I don’t have a 7 year horizon. Yet.

Also inspired by Valeria Maltoni’s Learning Habit newsletter. Check it out.

I love the thinking behind a seven year horizon. It’s less than an arbitrary decade, but longer term than most. Compromise, and yet not.

In June, I was let go from LeadMD. They’re a tribe of fierce robots hell-bent on delivering results to customers. LeadMD was founded in 2009.

I started GBXM in 2009.

My friend Adnan runs CarThrottle.com. He started that in 2009 as well. (Gave me the ground floor opportunity in 2010, too, but I passed because GBXM.) He now has millions of subscribers and offices in London and New York.

GBXM never went anywhere.

More and more, I think the lesson learned is compromise has its place, but not when it comes to delivering value.

In any case, I’m in the process of rebooting GBXM. Again.

I don’t have a seven year plan. I don’t even have a three year plan.

It’s just the thing I feel like I need to do right now.

Where will I be in seven years? When GBXM turns 15?

I don’t know, but there’s only one way to find out.


The Bold & The Dutiful

I want to be bold. Confident. Resolute.

I want to do this my way. Again.

I want to disrupt. Again.

But which rules should be broken?

What advice willfully ignored?

Can it be done this time?

Word of mouth, advocacy, promotion.

That’s all I need, right?

A rally cry that resonates.

That inspires the tribe.

That spreads like wildfire.

Stop cherry picking best practices.

Double down, all-in on the one thing.

Put them first.

Help them win.

Celebrate their wins.

Soothe their losses.

Make them kings.



Breathe & stop. Keep your cool. (Bonus track)

I’ve developed a real bitterness toward working on cars in recent years.

It often feels like my vehicles fight me every step of the way. I wonder how much of that is my own damn fault? You know, self-fulfilling prophecy and whatnot.

Wednesday night, after P went to bed, I had to go back out to the driveway and replace filthy, 19-year old heater hoses on Fezzik. It’s not a hard job, but because these are always wedged between the back of the engine and the firewall, it’s almost always a pain in the ass.

Instead of bitching and moaning about it, I told myself to just slow down, breathe, and get it done.

I removed the hood and cruise control box for maximum headroom and comfort. (It was still 107°F/42°C out at 9PM.) I refused to get mad when I dropped that damned hose clamp bolt four times during reassembly.

Whattayaknow. Everything came apart and went back together without a hitch.

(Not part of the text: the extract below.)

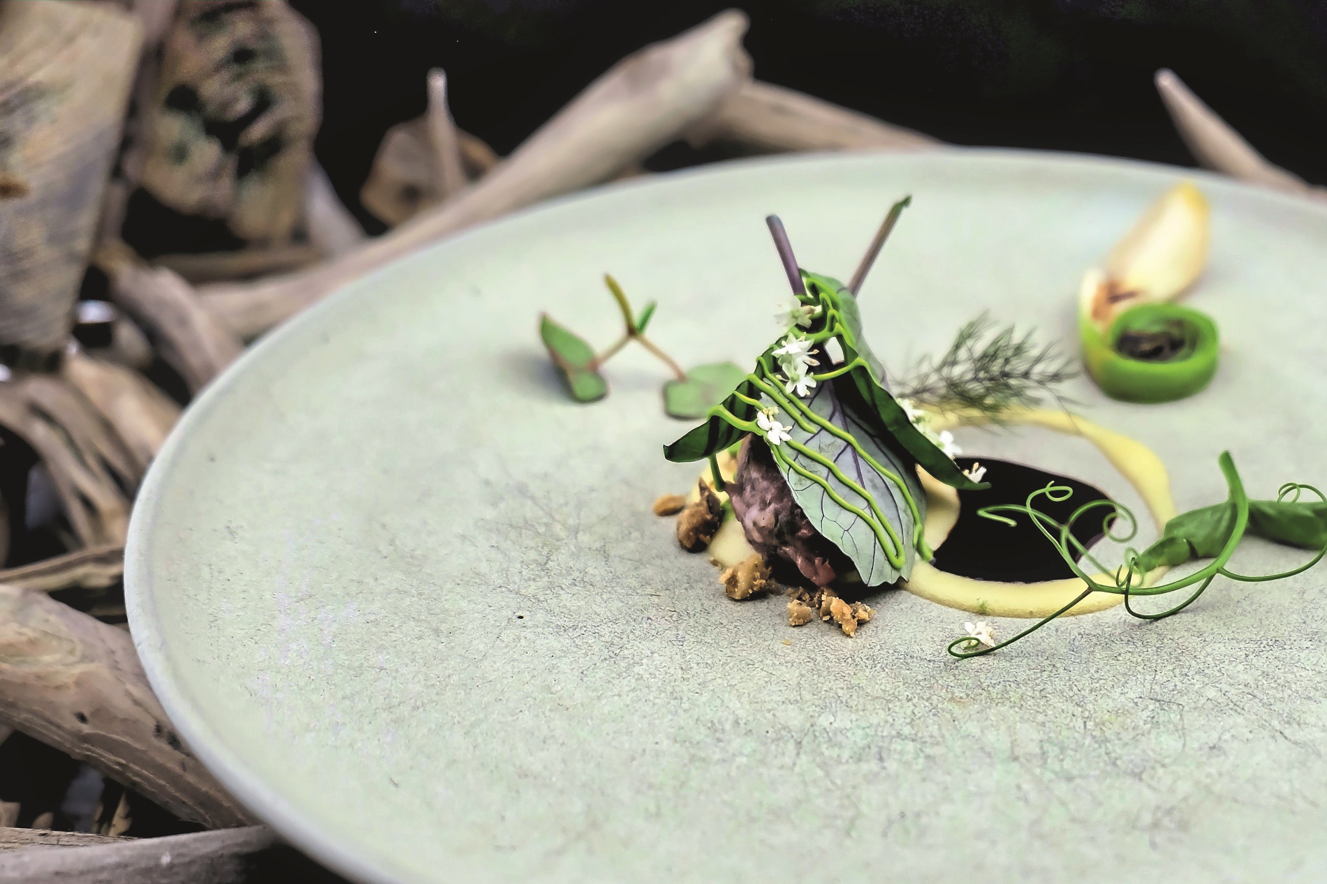 Auf den Teller bringt er dann eine Scheibe von in Heu ausgebackener Roter Bete, die in einem tief aromatischen, fermentierten Sud von Ackerbohnen serviert wird. Hinzu kommen hauchdünne marinierte Scheibchen Kohlrabi und würzige Noten von getrocknetem Liebstöckel. Ein Kaisergranat wird auf Schwarzkohl gebettet, mit münzgroßen Apfelscheiben belegt und mit etwas Rauchöl und getrocknetem Kohlpulver beträufelt und bestreut. Interessant: Ein süßes Element wird nicht hinzugefügt, wodurch die Eigensüße des Krustentiers voll zur Geltung kommt.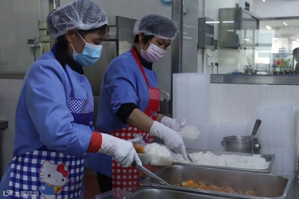食堂作为人流量也特别大的公共场所,公司制定严格的就餐时间,提前打包好饭菜,员工分批次有序排队领取。

The culprit: small hole worn by OE hose clamp on 19-year old OE hose.

I’m gonna try this approach more often. With cars. With life in general.

Bonus: That feeling.

My house is around the corner to the left. Whew!

That feeling. When you’re retracing your steps to see if you sprung a leak after replacing those heater hoses and you find a trail of fresh fluid in the road and you know you didn’t see any other cars in the neighborhood on your test drive—and the trail goes to someone else’s driveway.